- Theatrical release poster
- Directed by: Sidney Lumet
- Written by: Sidney Lumet
- Based on: Tainted Evidence by Robert Daley
- Produced by: Thom Mount Josh Kramer John Starke
- Starring: Andy García; Richard Dreyfuss; Lena Olin; Ian Holm; James Gandolfini; Colm Feore; Ron Leibman;
- Cinematography: David Watkin
- Edited by: Sam O'Steen
- Music by: Mark Isham
- Production company: Spelling Films
- Distributed by: Paramount Pictures (United States and France) Spelling Films International (International)
- Release dates: October 18, 1996 (United Kingdom); May 16, 1997 (United States);
- Running time: 113 minutes
- Country: United States
- Language: English
- Box office: $10 million

= Night Falls on Manhattan =

1996 American crime drama film

Night Falls on Manhattan is a 1996 American crime drama film written and directed by Sidney Lumet. Based on the novel Tainted Evidence by Robert Daley, the plot centers on a newly elected district attorney played by Andy García, who is eager to stamp out corruption within the New York City Police Department. Ian Holm, James Gandolfini, Lena Olin, Ron Leibman, and Richard Dreyfuss feature in principal supporting roles.

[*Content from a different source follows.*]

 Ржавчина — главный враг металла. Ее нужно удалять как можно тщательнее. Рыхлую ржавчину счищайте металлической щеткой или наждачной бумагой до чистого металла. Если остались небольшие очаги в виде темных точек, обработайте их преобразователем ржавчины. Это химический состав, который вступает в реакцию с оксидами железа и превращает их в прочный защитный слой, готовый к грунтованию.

Theatrically distributed by Paramount Pictures in the United States on May 16, 1997 as a co-production with Spelling Films, Night Falls on Manhattan explores criminal law, political corruption, and the repercussions of violence. Following its initial release, it failed to garner any awards from mainstream organizations for its lead acting or production merits.

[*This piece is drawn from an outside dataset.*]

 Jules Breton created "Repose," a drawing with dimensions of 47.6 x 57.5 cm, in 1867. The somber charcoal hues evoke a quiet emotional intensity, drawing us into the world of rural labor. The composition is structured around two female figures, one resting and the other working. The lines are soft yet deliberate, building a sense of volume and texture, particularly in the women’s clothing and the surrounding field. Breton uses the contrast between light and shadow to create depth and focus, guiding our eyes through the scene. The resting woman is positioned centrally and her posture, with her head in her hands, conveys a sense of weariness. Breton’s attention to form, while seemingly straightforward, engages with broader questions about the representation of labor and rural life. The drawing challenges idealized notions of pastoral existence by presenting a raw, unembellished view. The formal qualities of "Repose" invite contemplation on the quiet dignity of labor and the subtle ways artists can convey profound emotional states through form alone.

The film grossed nearly $10 million in domestic ticket receipts, and was met with mixed to positive critical reviews.

==Plot==
NYPD detectives Liam Casey and Joey Allegretto, assigned to the 74th Precinct, are conducting surveillance against notorious drug dealer Jordan Washington. On a tip from an informant, they venture into an apartment block where Jordan is reportedly hiding. After Liam shoots the lock, he is heavily wounded when Jordan fires a submachine gun through his front door. Backup units alerted by Joey arrive and swarm the building, but Jordan cunningly escapes in a squad car after killing two policemen surnamed Finney and Katz with a silenced pistol, while a third policeman named Charlie perishes when a car's tire hits a rock and the other policemen present misinterpret the sound as a gunshot, subsequently firing towards the roof at him. Surprisingly, District Attorney Morgenstern appoints Liam's son Sean, a former NYPD officer and recently appointed ADA, to prosecute Jordan upon his capture, consequently passing over the more experienced ADA Elihu Harrison, who plans to oppose him in an upcoming election.

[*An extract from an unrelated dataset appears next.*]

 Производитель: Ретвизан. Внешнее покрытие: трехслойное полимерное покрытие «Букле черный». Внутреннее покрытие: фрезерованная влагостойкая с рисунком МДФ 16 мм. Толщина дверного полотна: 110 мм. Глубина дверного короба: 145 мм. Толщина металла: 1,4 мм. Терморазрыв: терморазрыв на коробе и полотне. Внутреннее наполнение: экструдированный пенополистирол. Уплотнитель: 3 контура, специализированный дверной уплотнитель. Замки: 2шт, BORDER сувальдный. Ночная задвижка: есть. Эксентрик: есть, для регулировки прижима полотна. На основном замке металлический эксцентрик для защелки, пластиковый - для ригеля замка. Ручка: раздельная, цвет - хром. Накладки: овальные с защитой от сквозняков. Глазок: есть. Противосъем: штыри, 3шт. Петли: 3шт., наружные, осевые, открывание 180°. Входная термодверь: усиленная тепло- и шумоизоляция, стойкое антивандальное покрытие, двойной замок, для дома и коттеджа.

At Jordan's trial, his attorney, Sam Vigoda, confirms his client was responsible for the killings but argues that police were intending to murder him. On the witness stand, Jordan claims that he had been bribing a group of corrupt cops, led by Kurt Kleinhoff, in return for protection while dealing drugs, while Sam conversely argues that Jordan became a target when he refused to match an offer by a rival dealer, Carlos Alvarez, to give the cops more money. Although inexperienced, Sean mounts a strong argument questioning Jordan's credibility and wins the case. Jordan is convicted and sentenced to consecutive life terms without parole. A member of Sam's legal team, Peggy Lindstrom, begins an affair with Sean afterwards. Sam privately discloses to Sean why he defended Jordan: after his 15-year-old daughter died from a drug overdose, he has been determined to bring down the system of corrupt police enabling drug dealers.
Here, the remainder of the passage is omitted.